The first pitfall, option devaluation, is a phenomenon that causes negotiators to unwittingly devalue an option once it becomes part of a set of options. This occurs because options that look attractive by themselves often look less attractive when compared to other options. Contrary to the rational ideal, comparisons influence the way people evaluate an option. In fact, comparisons can decrease the attractiveness of all options being compared. To illustrate option devaluation, consider the following scenarios. In the first scenario, a prospective law student is admitted only to Harvard Law School. In the second scenario, the same prospective law student is admitted to Harvard and Stanford. The student prefers a school with a large enrollment and temperate climate. Thus, she will view Harvard’s large size as an advantage over Stanford, and Stanford’s temperate climate as an advantage over Harvard. At the same time she will perceive Harvard’s climate to be a disadvantage to Stanford, and Stanford’s size to be a disadvantage to Harvard. The process of comparison will bring to mind the relative advantages and disadvantages. Each option’s “losses” are likely to loom larger than its gains. When comparing law schools, Harvard’s cold climate will decrease its attractiveness more than its large enrollment will increase its attractiveness. Therefore, the prospective student was better off in the first scenario when she was admitted only to Harvard.
The second pitfall, context dependence, is a phenomenon that occurs when a new option is added to an existing choice set. Research demonstrates that people are likely to evaluate an existing option more favorably when a similar, but inferior option is added to the choice set. Chris Guthrie illustrated context dependence in a negotiation experiment he performed with first-year law students. In the negotiation two law partners decided to part ways. They both wanted a lobby painting worth $40,000. In the two option scenario, Lawyer A could sell the painting to Lawyer B for a $20,000 lump sum cash payment. Or they could sell the painting to the artist and each receive a $20,000 lump sum cash payment. 65% of the subjects preferred to sell the painting to the artist and 35% preferred to sell the painting to sell the painting to the law partner. The three option scenario adds a third inferior option: Lawyer A can sell the painting to Layer B and receive $20,000 in installment payments. Adding the third inferior option dramatically changed the results.
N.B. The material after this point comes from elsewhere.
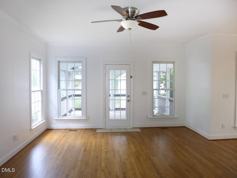 This well appointed home is in Southern Village, one of Chapel Hill's most popular communities. This community is a short drive or bike ride to UNC and Chapel Hill, with a convenient Park and Ride for Chapel Hill fare free bus line. Walk to Market Street shops, theatre and restaurants. Enjoy the walking trails and area play grounds. Join Southern Village's swim and tennis club. There is something for everyone in this community. This home features hardwood floors throughout. The transitional floor plan includes the open living room, kitchen and breakfast area. The living room includes a ceiling fan and has an exit to the screened porch on the back side of the home. This space is open to breakfast area and the kitchen over a wide angled serving or breakfast bar. The kitchen features granite counters, white cabinets, stainless appliances, a pantry closet, and a tile backsplash. There is recessed lighting in the kitchen, with pendant lighting over the breakfast bar. There is a separate formal dining room off the entry foyer. The dining room is detailed with a classic chair rail. A half bathroom completes the main level of the home. All bedrooms are on the second level. Each bedroom has a ceiling fan and a supplemental mini split ac unit. The master bedroom has a raised trey ceiling, an en suite master bathroom and a walk-in closet. The master bathroom includes a dual sink vanity, a garden tub, and a separate tile surround shower. The second full bathroom is also on this level. The laundry closet is on the second level, with a washer and dryer included. The raised screened porch offers a comfortable outdoor space with a vaulted ceiling with a ceiling fan. The screened porch leads out to the backyard and the detached two car garage behind the home. $15/mo filter fee.
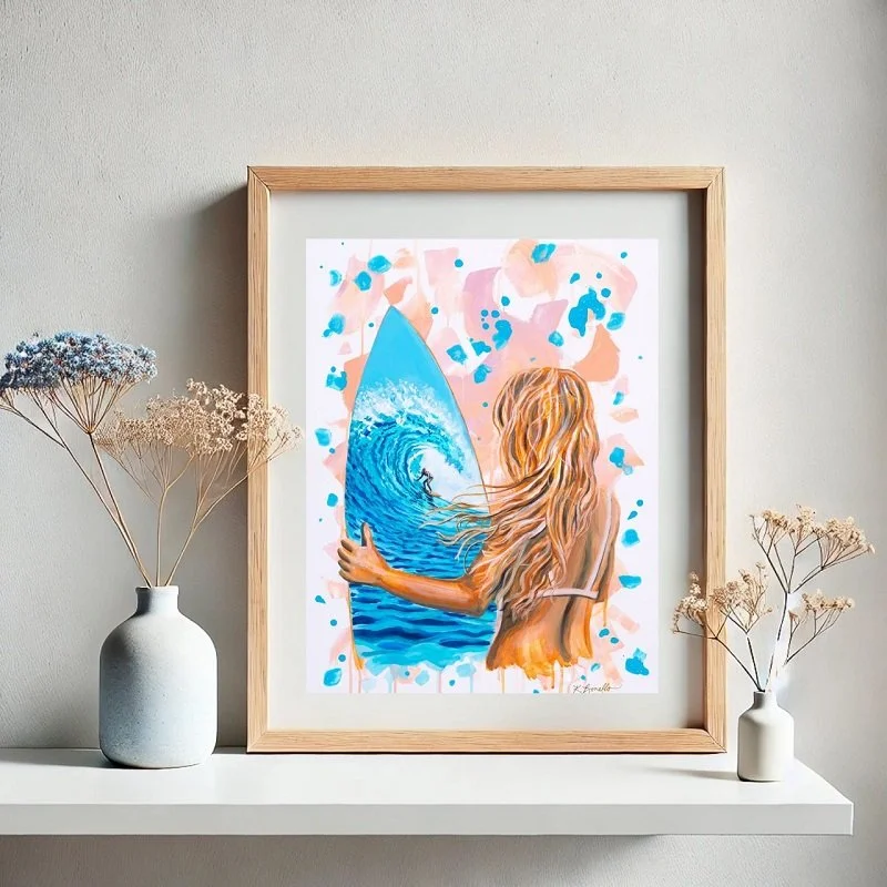 Two of my best-selling pieces are my giclée fine art prints titled "Joshua Tree Girl" and "Huntington Beach Girl". Both capture the spirit of wanderlust and the beauty of two coveted destinations that so many people hold close to their hearts. Joshua Tree Girl embodies adventure and serenity within the desert landscape, while Huntington Beach Girl radiates the "California Cool" in coastal living and ocean sunsets.

In the three option scenario, 30% of the subjects preferred to sell the painting to the artist, and 70% of the subjects preferred to sell the painting to the partner.
The third pitfall, non-compensatory decision making, simply means that when many options are available, people have a difficult time evaluating all the available information.
The fourth pitfall, decision regret, is implicated in multiple-option negotiations because negotiators are likely to compare the option they have selected to those they have rejected. These comparisons can produce post-decision regret.
Be aware of these pitfalls in the option-generating model. They can lead a negotiator to select a sub-optimal outcome or experience post-decision regret.
Sophisticated negotiators, such as lawyers, are more likely than inexperienced negotiators to maximize the benefits and minimize the costs of option-generation in negotiation. First, sophisticated negotiators are more likely to make rational decisions; and evidence suggests that clients want their agents to evaluate decision options rationally. Second, because sophisticated negotiators can make rational decisions they can help clients faced with multiple options make better decisions during negotiations. Sophisticated negotiators, such as lawyers, can provide contextual information, such as data on jury verdicts and settlements, to help their client make a rational decision. Additionally, clients often experience feelings of regret after selecting one option at the expense of the other. Lawyers can, and should, help their clients make peace with the decisions they’ve made in the negotiation. One way to do this is to work with clients to construct a rationale supporting the choices they have made.